この記事は、「遺産総額3億円以上」クラスの資産家・オーナー経営者の方を念頭に、「遺言書」と「遺留分」の関係を踏まえながら、どのように遺言を設計すべきかを整理したものです。 富裕層の相続では、遺言は単なる「最期のメッセージ」ではなく、税金・争族リスク・一族の資産戦略をコントロールする中核ツールになります。 ここでは法律用語をできるだけかみ砕きつつ、実務で押さえるべきポイントを解説します。 ※本記事は一般的な情報提供であり、具体的な案件については弁護士・税理士等の専門家にご相談ください。
3億円以上の資産家にとって、遺言書が「必須」になっている理由
富裕層相続は「遺言があるのが普通」という前提で動いている
相続財産が3億円を超えてくると、もはや「遺言を書こうかどうか迷う」段階ではなく、 「遺言があることを前提に、どう設計するか」がテーマになります。
- 不動産・自社株・金融資産が複雑に入り組んでいる
- 相続税・二次相続のインパクトが大きい
- 前妻の子ども・再婚相手・事業後継者など、利害関係者が多い
こうした状況で遺言がないと、相続人同士が「ゼロから話し合いをしなければならない」状態になり、 仲の良いご家庭であっても心理的負担は非常に大きくなります。
一方、遺言がきちんと用意されていれば、
- 大枠の方針・分け方の方向性が示されている
- 税金や納税資金の見通しを立てやすい
- 「なぜこのように分けたのか」というメッセージも残せる
ため、相続人のストレスや争いの芽を大きく減らすことができます。
遺産分割協議書だけではカバーしきれない領域がある
前の記事で取り上げたように、遺産分割協議書は相続人同士の合意を書面にしたものです。 ただし協議書だけでは、次のような点はカバーしきれません。
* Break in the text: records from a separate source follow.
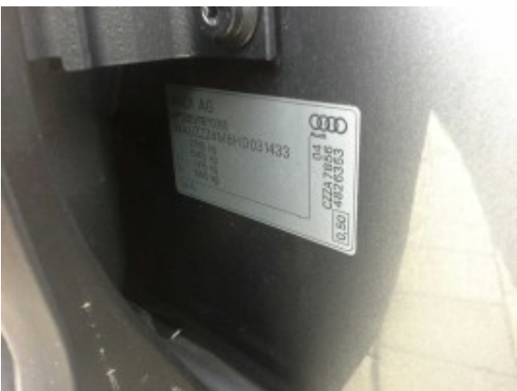
Abbildung 17: FIN / Typenschild
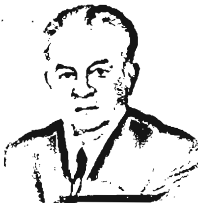
GIO BATTISTA MARTINI
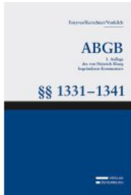
Großkommentar zum ABGB - Klang Kommentar Ladenpreis: 208,00EUR
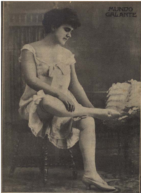
ANTONIA CACHAVERA - Notable artista del Teatro Nuevo. - (Cliché T. G.). N.º 86 REVISTA POPULAR DE ARTE Y LETRAS 10 cénts. ESTE PERIODICO ES GRATIS. - (Véase la página 18).
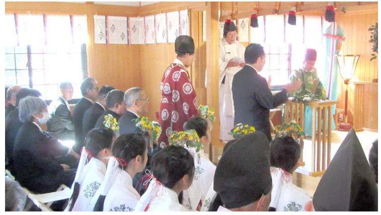
古希代表者 玉串奉奠
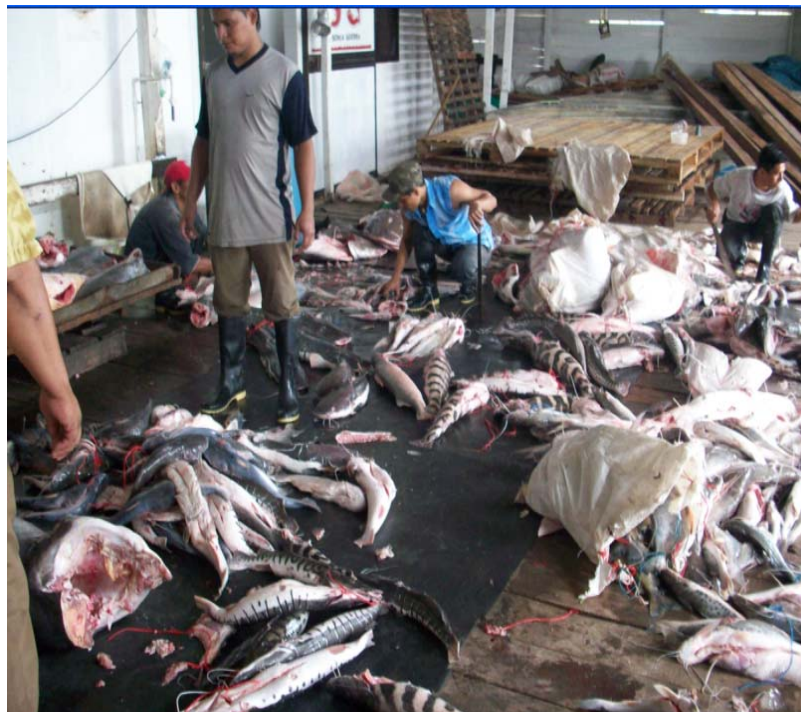
Desembarque en las bodegas de Leticia
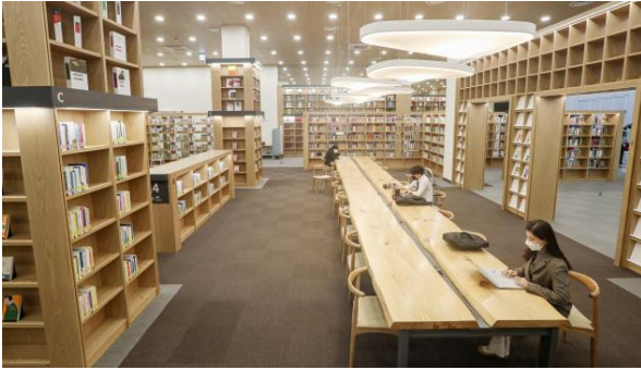
ภาพห้องอ่านหนังสือทั่วไป
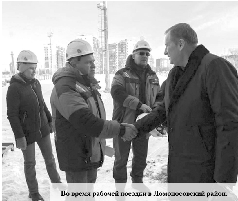
Во время рабочей поездки в Ломоносовский район.

Губернатор Ленинградской области Александр Дрозденко в ходе рабочей поездки в Ломоносовский район посетил социальные учреждения в Аннинском городском поселении.
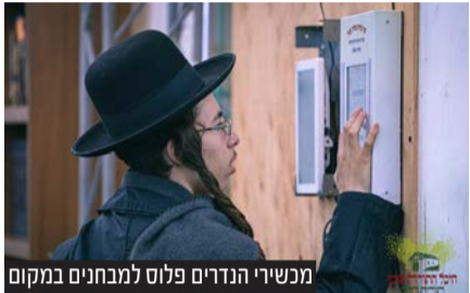
מכשירי הנדרים פלוס למבחנים במקום

בצל הקשיים להגיע לאומן בראש השנה תשפ"ג, במקום מתנהלת לה מהפכה שקטה של 'היכל התורה' הגדול שהוקם במקום, במשך יממה שלמה יושבים ושוקדים על התורה. הצצה לכל הפרטים מהמקום שקיבל את השם "המקלט שלך באומן". וגם: הכניסה והרישום באמצעות הצ'יפ כמו במקוואות

- 「誰を後継者にするか」「誰に経営権を託すか」という意思表示
- 特定の相続人に対する配慮や感謝の気持ち
- 再婚・前妻の子との関係など、微妙なバランスの取り方
これらは、相続人同士で話し合うよりも、被相続人(ご本人)が遺言で方針を示しておく方が、はるかに納得感を得やすい領域です。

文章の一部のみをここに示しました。